Nick Clegg has a point when he criticises the Welsh Labour administration’s reluctance to countenance the devolution of taxation powers, while still complaining of the inequity of the current Barnett formula. On the other hand, Carwyn Jones has a point when he criticises the Westminster Government’s reluctance to even recognise the Barnett issue.
Clegg himself says that “you’ve got to bring these two things together’. Precisely. Then why is one of them – taxation powers – put within the remit of the Silk Commission that is looking at the whole devolution settlement in Wales, while the other – Barnett and borrowing powers – is reserved for bilateral negotiation between Cardiff Bay and Westminster? Even a cursory glance at the evidence to the Silk Commission will tell you that there is little chance of getting any consensus in Wales on devolving taxation powers, unless the Barnett issue is addressed simultaneously.
That is not, as Mr. Clegg argues, because Wales wants ‘blank cheques written first’ but because, given the economic disparities across different parts of the UK, devolution of taxation powers without clarity on a complementary successor to Barnett would pose a huge risk for the Welsh Government and people. The gap between total revenues raised in Wales and total expenditure in Wales is, depending on your assumptions, somewhere between £4billion and £6billion. That may be an uncomfortable, some would say demeaning position to be in, but any Welsh Government that ignored that funding gap would be irresponsible.
Nick Clegg is the leader of a party that has long believed in a federal Britain. As such he might do more to persuade his LibDem colleague at the Treasury, Danny Alexander, to understand this predicament and at least make some public acknowledgement of its existence. He might also seek to persuade Mr Alexander that any system of fiscal transfers will, ultimately, have to be based on demonstrably equitable principles, rather than on crude political muscle. But don’t hold your breath. Nothing is going to happen before the Scottish referendum.
In the meantime it does not help that Mr Clegg dismisses some of these issues simply as ‘impenetrable debates about funding formulas and floors which exercise the political and media class’. For a professed federalist that is a cheap and unworthy point. Every single study of the current situation, from the House of Lords to the Holtham Commission has been deeply critical of the present funding arrangements.
Mr Clegg is, however, right to question the Welsh Government’s approach to this negotiation. There are several truths to be faced. First, that the inequity of the present funding system has been obvious for a decade past. Second, that successive Labour administrations in Cardiff did not argue for reform while their political colleagues were in power at Westminster and while economic conditions might have made it easier to find a solution. By now party politics and economics are much more difficult. Third, and most uncomfortable of all, is that Wales does not have the political leverage of Scotland or Northern Ireland.

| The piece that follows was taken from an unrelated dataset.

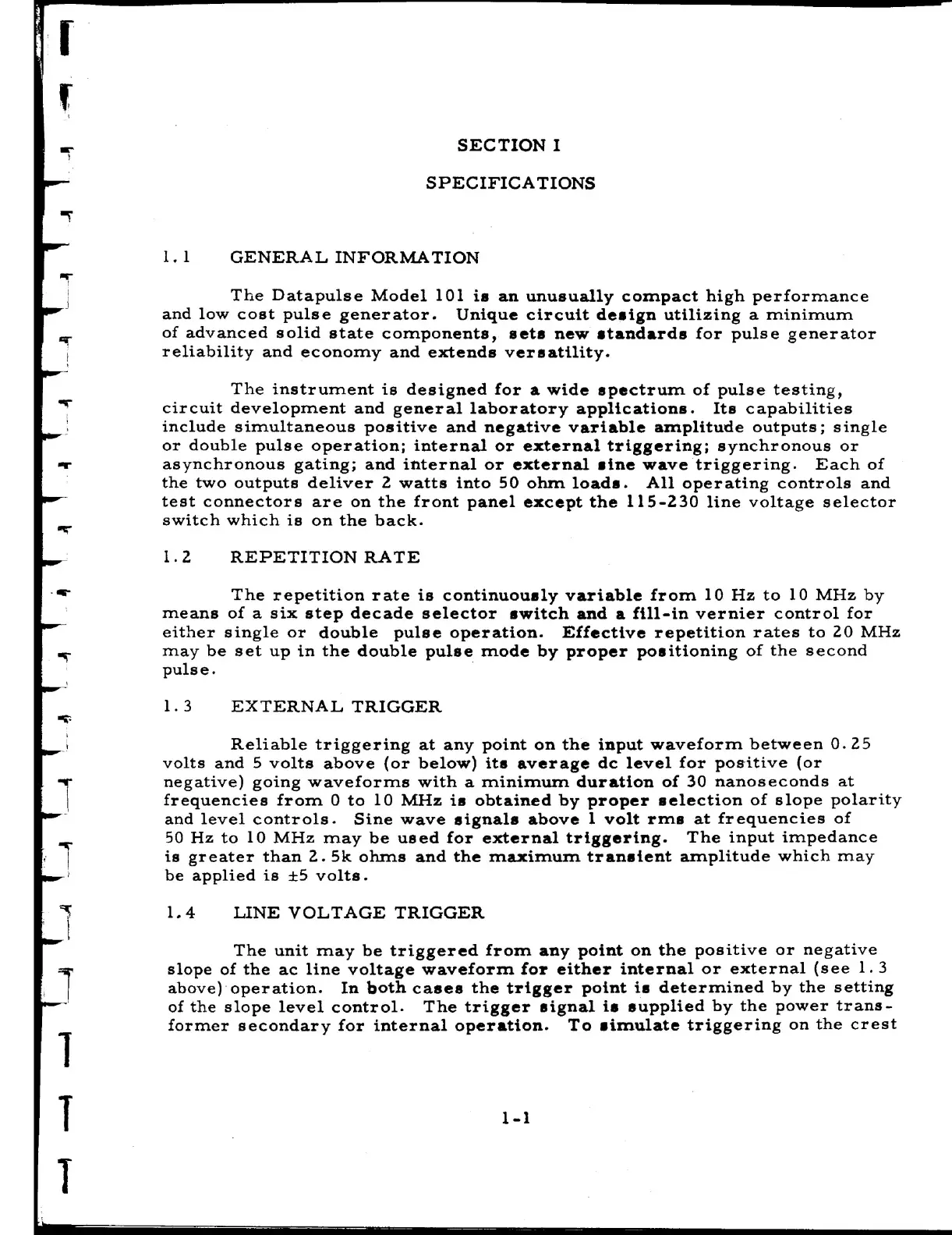 Datapulse 101 - Specifications; Repetition Rate; External Trigger
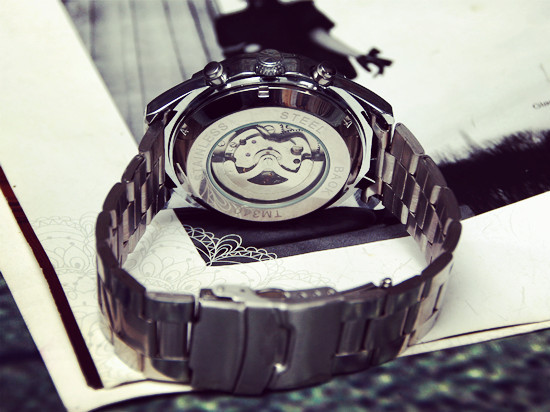 強固なステンレススチールバックカバー、重厚なビックフェイスデザインでずっしりとした重量感のある腕時計です、見た目も高級時計を思わせるようなデザイン!メンズ、レディース問わず着こなせるデザインです

The Welsh Government’s frustration, possibly at opportunities missed and certainly at seeing the leverage of the other two devolved administrations – especially in the run up to a referendum on Scottish independence – has led to some loud public complaining by the First Minister. At the very least there is room to question this as a strategy, if strategy it can be called.
It is complicated by the inconvenient intertwining of Welsh and British politics. Carwyn Jones heads the only Labour administration in the UK above the local government level. He must, therefore, feel some obligation to make Labour’s case against the UK coalition’s policies, especially as those policies will impact so heavily on his own government and on the less well off, of whom Wales has more than its share.
But discharging this political obligation may well run counter to the best negotiating strategy for the pursuit of the Welsh interest. If you have no leverage, you need friends and allies, even cunning and dissimulation. But you also need the courage to face up to all parts of the funding equation.